Task details
Only a number is wanted here: the number of lines of the data that include "available".

##### Exercise materials #####

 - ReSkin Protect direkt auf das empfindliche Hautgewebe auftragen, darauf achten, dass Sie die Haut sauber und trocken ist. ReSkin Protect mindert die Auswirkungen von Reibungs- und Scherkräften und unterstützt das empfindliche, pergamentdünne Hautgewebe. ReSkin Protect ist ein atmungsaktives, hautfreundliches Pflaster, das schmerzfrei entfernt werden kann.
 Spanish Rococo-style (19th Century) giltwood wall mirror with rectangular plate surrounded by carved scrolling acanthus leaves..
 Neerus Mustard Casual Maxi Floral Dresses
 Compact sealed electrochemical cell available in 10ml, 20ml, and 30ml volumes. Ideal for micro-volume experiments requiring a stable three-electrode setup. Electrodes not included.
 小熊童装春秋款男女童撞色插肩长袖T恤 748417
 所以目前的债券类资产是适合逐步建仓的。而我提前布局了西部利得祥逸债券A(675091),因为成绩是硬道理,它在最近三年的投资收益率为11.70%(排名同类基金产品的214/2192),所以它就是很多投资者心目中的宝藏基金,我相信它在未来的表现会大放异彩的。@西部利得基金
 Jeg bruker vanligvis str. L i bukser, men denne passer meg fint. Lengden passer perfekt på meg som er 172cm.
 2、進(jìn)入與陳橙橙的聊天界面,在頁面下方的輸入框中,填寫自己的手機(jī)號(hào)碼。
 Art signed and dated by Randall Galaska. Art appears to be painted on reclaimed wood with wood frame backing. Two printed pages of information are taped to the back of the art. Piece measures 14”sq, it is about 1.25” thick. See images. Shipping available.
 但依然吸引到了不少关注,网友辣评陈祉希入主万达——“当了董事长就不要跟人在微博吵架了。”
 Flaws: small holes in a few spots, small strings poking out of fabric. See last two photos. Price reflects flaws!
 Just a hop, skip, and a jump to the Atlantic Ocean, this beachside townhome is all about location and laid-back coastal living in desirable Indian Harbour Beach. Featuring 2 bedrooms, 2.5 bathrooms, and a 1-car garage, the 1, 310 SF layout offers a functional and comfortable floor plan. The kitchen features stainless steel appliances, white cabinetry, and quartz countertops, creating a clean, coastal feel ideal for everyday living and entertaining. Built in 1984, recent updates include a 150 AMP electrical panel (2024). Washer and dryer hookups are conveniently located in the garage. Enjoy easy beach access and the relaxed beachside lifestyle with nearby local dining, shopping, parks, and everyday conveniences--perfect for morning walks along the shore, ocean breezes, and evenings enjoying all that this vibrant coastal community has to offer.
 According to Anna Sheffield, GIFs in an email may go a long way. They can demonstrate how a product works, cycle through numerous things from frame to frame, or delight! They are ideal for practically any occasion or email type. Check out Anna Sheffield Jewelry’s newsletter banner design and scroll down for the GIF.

#####

Written answer
2